Prompt >> Copy the lines below exactly, starting at the one with "- CLASSIC DESIGN" and ending at the one with "Grower's Edge® Black", and leave out any picture.

Recorded information >>
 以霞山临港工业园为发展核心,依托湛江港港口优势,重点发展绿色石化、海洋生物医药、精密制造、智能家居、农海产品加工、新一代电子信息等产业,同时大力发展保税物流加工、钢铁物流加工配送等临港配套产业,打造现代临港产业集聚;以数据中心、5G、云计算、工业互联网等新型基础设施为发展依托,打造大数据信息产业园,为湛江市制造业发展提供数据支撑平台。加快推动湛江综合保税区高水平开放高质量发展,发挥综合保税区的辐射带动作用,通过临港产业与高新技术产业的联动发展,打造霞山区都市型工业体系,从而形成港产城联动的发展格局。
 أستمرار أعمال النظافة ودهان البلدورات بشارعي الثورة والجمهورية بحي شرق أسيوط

* * *

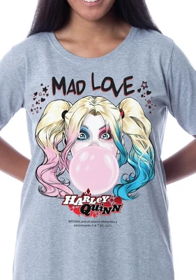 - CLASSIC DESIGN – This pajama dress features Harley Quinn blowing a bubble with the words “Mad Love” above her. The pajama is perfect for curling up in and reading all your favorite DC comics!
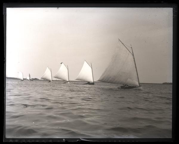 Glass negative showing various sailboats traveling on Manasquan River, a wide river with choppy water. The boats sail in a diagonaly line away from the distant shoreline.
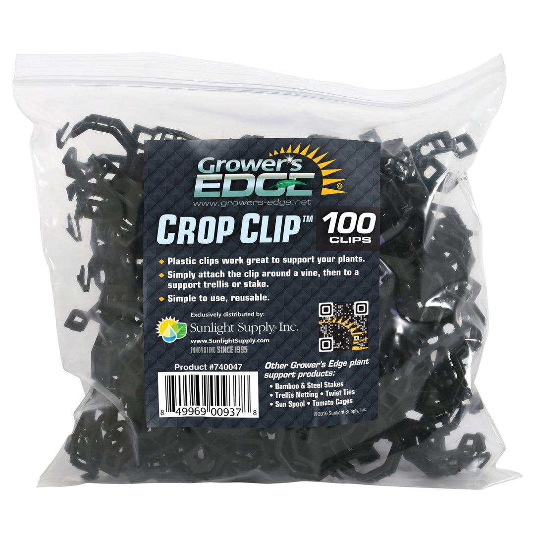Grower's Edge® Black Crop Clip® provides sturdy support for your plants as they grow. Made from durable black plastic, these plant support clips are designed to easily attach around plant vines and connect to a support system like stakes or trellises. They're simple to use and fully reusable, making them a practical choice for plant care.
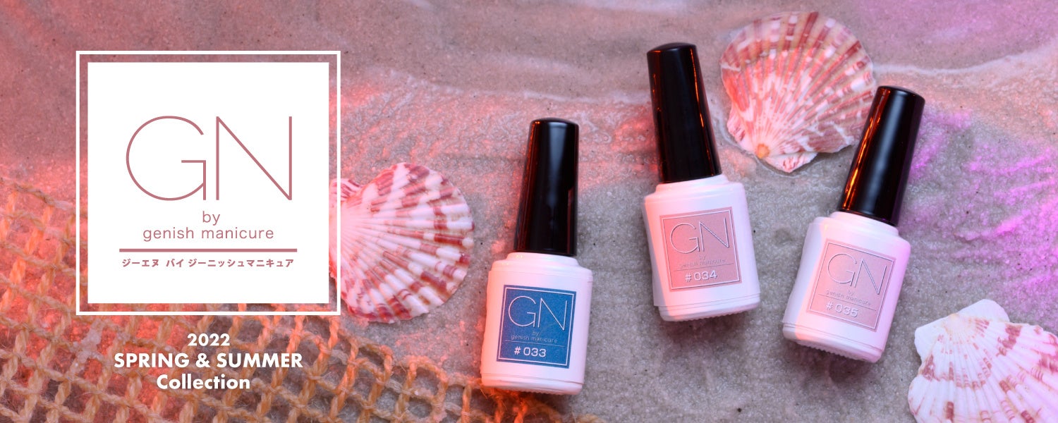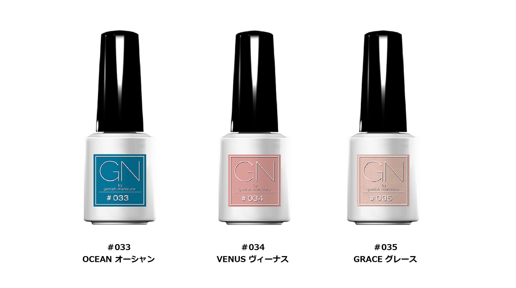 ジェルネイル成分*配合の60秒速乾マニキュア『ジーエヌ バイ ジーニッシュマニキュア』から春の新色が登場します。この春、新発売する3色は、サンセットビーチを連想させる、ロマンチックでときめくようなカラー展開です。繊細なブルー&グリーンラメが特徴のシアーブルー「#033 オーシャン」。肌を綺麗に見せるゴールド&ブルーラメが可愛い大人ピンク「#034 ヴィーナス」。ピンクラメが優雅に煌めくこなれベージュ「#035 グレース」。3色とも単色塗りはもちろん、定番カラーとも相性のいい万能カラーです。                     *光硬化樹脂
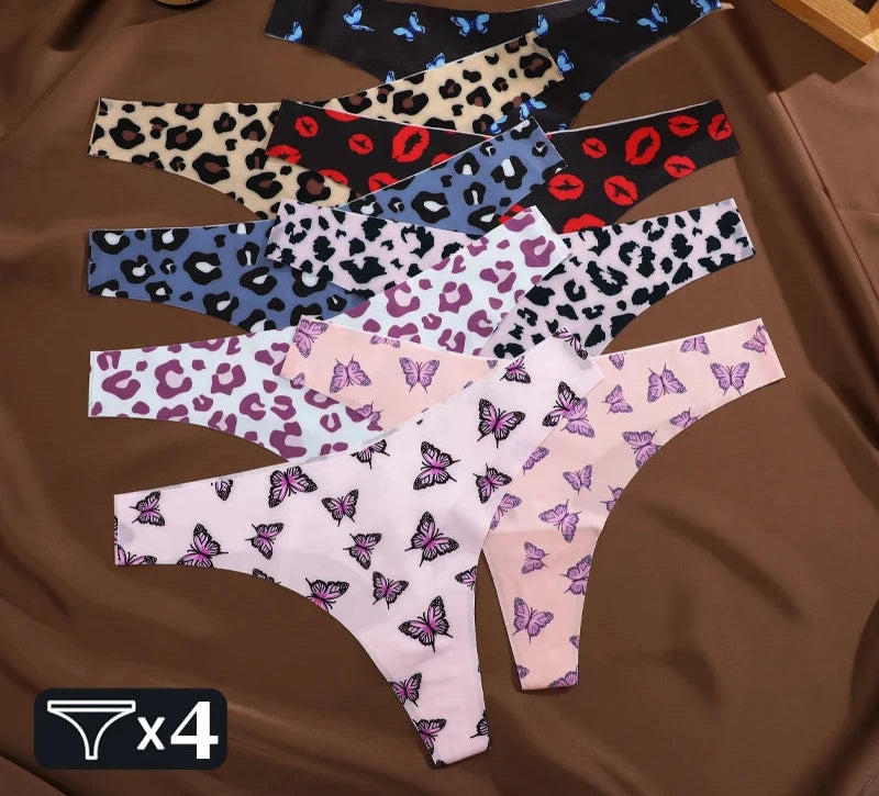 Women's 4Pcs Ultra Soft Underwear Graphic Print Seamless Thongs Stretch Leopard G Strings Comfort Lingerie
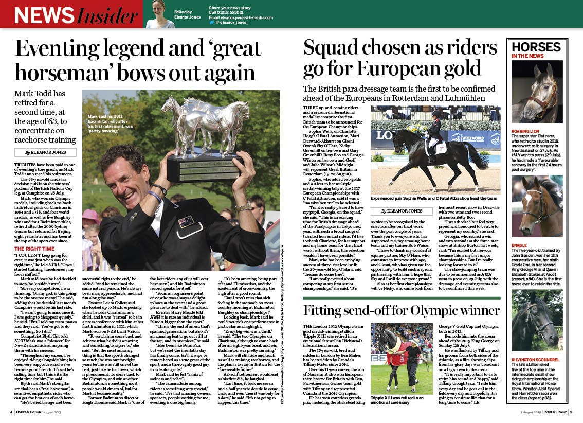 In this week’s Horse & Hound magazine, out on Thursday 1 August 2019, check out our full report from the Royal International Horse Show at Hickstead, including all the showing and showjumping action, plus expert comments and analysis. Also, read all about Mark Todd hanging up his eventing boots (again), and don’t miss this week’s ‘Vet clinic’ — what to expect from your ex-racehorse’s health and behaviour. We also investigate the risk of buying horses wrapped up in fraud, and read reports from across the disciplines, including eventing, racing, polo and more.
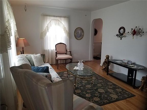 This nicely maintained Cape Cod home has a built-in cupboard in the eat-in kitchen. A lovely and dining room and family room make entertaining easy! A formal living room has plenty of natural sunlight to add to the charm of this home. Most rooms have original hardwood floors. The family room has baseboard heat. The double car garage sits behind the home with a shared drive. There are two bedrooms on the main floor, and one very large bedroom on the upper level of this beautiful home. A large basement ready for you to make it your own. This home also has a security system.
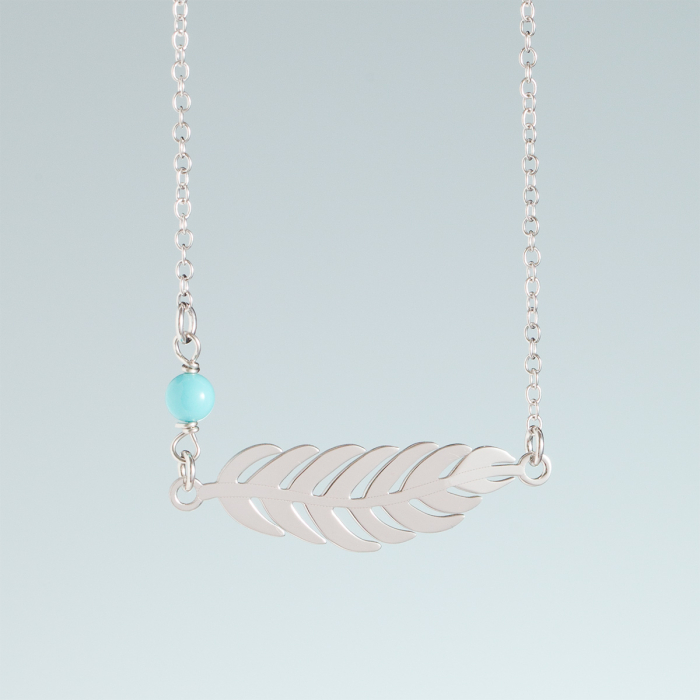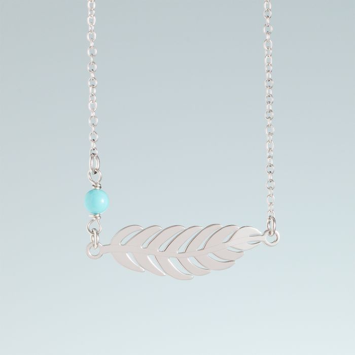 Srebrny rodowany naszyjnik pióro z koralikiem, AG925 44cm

---

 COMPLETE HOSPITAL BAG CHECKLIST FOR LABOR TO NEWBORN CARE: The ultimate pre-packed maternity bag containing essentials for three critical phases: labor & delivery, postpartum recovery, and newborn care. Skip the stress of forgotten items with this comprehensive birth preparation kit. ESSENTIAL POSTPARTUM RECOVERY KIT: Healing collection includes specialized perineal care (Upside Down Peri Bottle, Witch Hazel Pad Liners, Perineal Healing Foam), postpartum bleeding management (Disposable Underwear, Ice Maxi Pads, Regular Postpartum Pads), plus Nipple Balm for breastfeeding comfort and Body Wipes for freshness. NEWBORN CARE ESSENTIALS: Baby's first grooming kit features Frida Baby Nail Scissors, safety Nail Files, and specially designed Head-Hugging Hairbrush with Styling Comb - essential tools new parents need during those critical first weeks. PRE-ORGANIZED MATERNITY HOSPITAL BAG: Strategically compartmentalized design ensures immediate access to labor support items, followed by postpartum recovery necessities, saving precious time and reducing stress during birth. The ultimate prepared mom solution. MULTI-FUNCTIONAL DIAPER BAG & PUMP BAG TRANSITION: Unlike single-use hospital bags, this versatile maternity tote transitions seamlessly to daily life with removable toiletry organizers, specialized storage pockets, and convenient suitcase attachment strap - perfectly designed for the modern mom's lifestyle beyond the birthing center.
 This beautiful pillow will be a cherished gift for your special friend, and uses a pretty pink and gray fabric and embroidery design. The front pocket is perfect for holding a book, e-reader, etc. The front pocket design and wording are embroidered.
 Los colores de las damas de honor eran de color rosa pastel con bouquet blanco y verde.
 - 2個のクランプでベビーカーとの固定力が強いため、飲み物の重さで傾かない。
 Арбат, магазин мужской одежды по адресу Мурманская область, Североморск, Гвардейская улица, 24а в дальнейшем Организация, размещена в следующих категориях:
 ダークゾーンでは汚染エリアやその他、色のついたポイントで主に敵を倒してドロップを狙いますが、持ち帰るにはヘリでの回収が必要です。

Answer to the problem >>
 - CLASSIC DESIGN – This pajama dress features Harley Quinn blowing a bubble with the words “Mad Love” above her. The pajama is perfect for curling up in and reading all your favorite DC comics!
 Glass negative showing various sailboats traveling on Manasquan River, a wide river with choppy water. The boats sail in a diagonaly line away from the distant shoreline.
Grower's Edge® Black Crop Clip® provides sturdy support for your plants as they grow. Made from durable black plastic, these plant support clips are designed to easily attach around plant vines and connect to a support system like stakes or trellises. They're simple to use and fully reusable, making them a practical choice for plant care.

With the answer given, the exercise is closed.